-- Records to process follows --

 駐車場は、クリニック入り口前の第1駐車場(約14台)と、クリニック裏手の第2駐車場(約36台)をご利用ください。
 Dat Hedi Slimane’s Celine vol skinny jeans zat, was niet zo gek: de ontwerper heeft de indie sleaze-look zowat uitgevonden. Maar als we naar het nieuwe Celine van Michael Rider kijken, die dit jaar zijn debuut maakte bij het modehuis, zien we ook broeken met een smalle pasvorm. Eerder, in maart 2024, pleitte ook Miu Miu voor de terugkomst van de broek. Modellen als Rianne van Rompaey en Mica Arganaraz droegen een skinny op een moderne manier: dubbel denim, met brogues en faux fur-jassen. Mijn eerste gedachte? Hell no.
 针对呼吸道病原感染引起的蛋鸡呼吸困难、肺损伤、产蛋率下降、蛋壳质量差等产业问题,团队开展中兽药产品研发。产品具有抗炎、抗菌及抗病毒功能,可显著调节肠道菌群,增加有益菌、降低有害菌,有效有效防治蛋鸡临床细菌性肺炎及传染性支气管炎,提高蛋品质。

-- Records to process concluded --
-- Records to process follows --

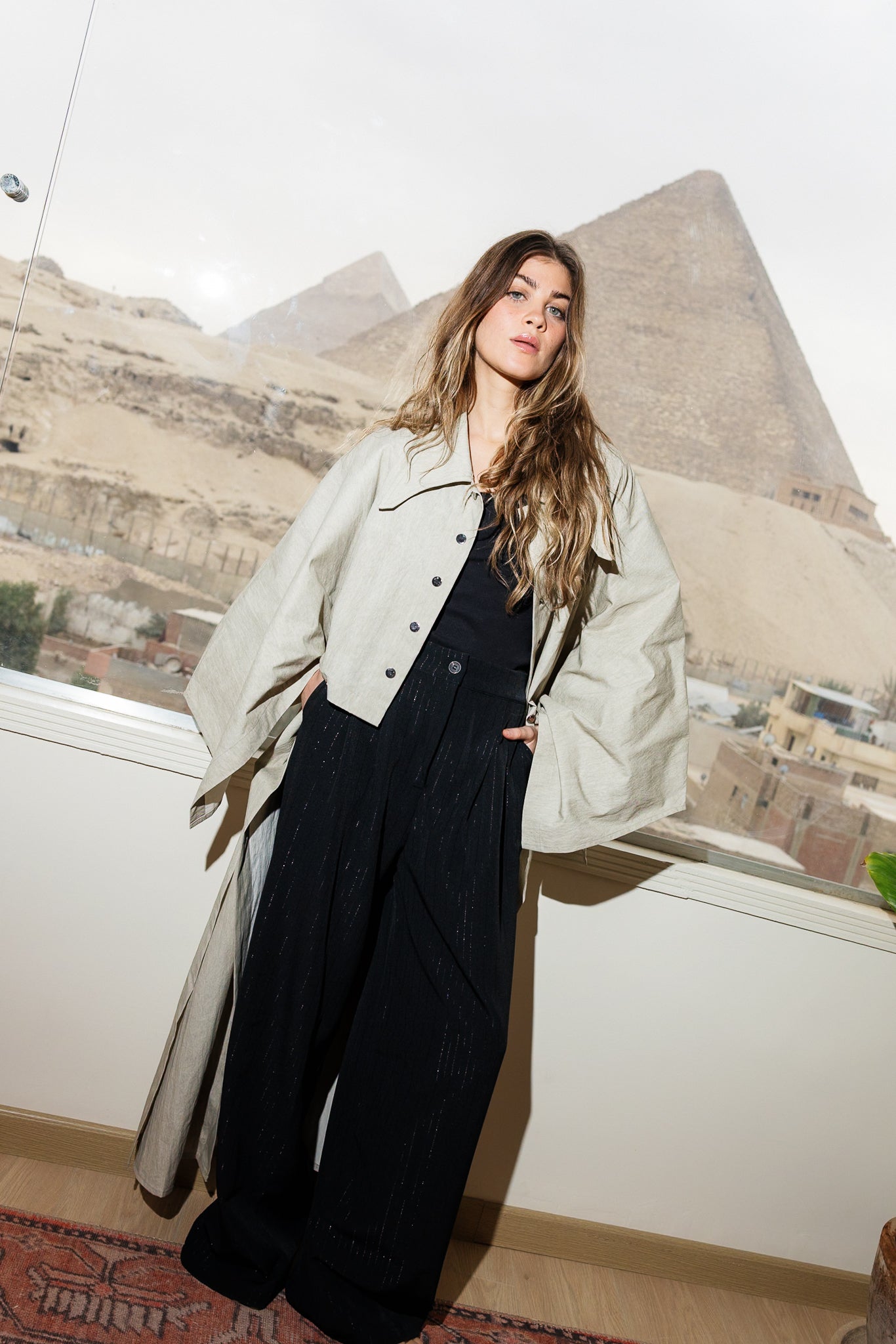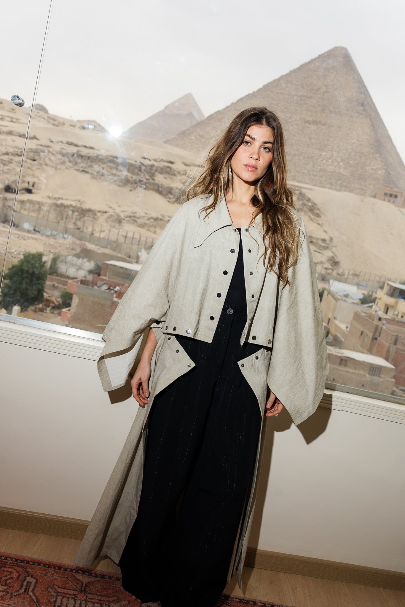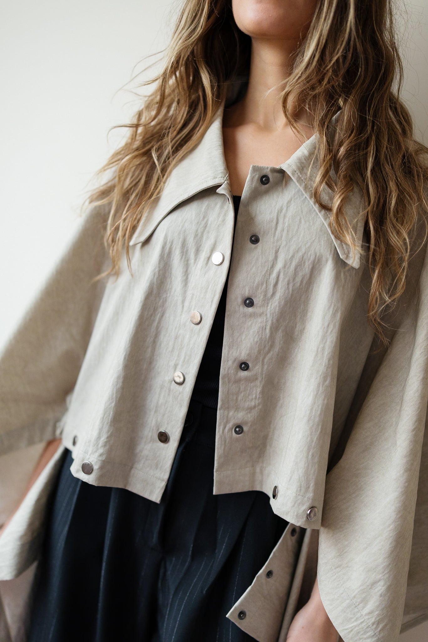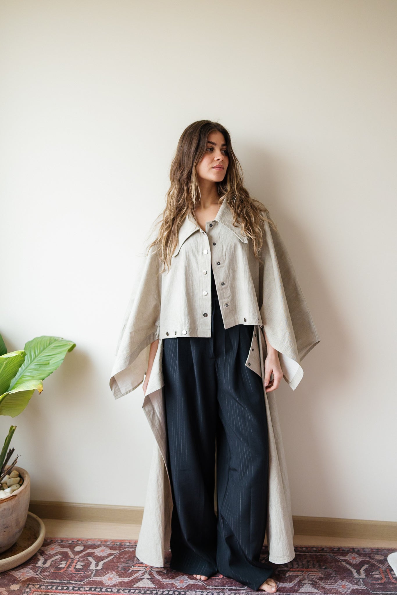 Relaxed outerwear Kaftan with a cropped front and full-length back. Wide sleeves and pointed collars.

-- Records to process concluded --

__What the exercise asks__. Only the lines above from the one with "駐車場は、クリニック入り口前" through the one with "针对呼吸道病原感染引起的蛋鸡" should be duplicated, character for character.

__Task response__.
 駐車場は、クリニック入り口前の第1駐車場(約14台)と、クリニック裏手の第2駐車場(約36台)をご利用ください。
 Dat Hedi Slimane’s Celine vol skinny jeans zat, was niet zo gek: de ontwerper heeft de indie sleaze-look zowat uitgevonden. Maar als we naar het nieuwe Celine van Michael Rider kijken, die dit jaar zijn debuut maakte bij het modehuis, zien we ook broeken met een smalle pasvorm. Eerder, in maart 2024, pleitte ook Miu Miu voor de terugkomst van de broek. Modellen als Rianne van Rompaey en Mica Arganaraz droegen een skinny op een moderne manier: dubbel denim, met brogues en faux fur-jassen. Mijn eerste gedachte? Hell no.
 针对呼吸道病原感染引起的蛋鸡呼吸困难、肺损伤、产蛋率下降、蛋壳质量差等产业问题,团队开展中兽药产品研发。产品具有抗炎、抗菌及抗病毒功能,可显著调节肠道菌群,增加有益菌、降低有害菌,有效有效防治蛋鸡临床细菌性肺炎及传染性支气管炎,提高蛋品质。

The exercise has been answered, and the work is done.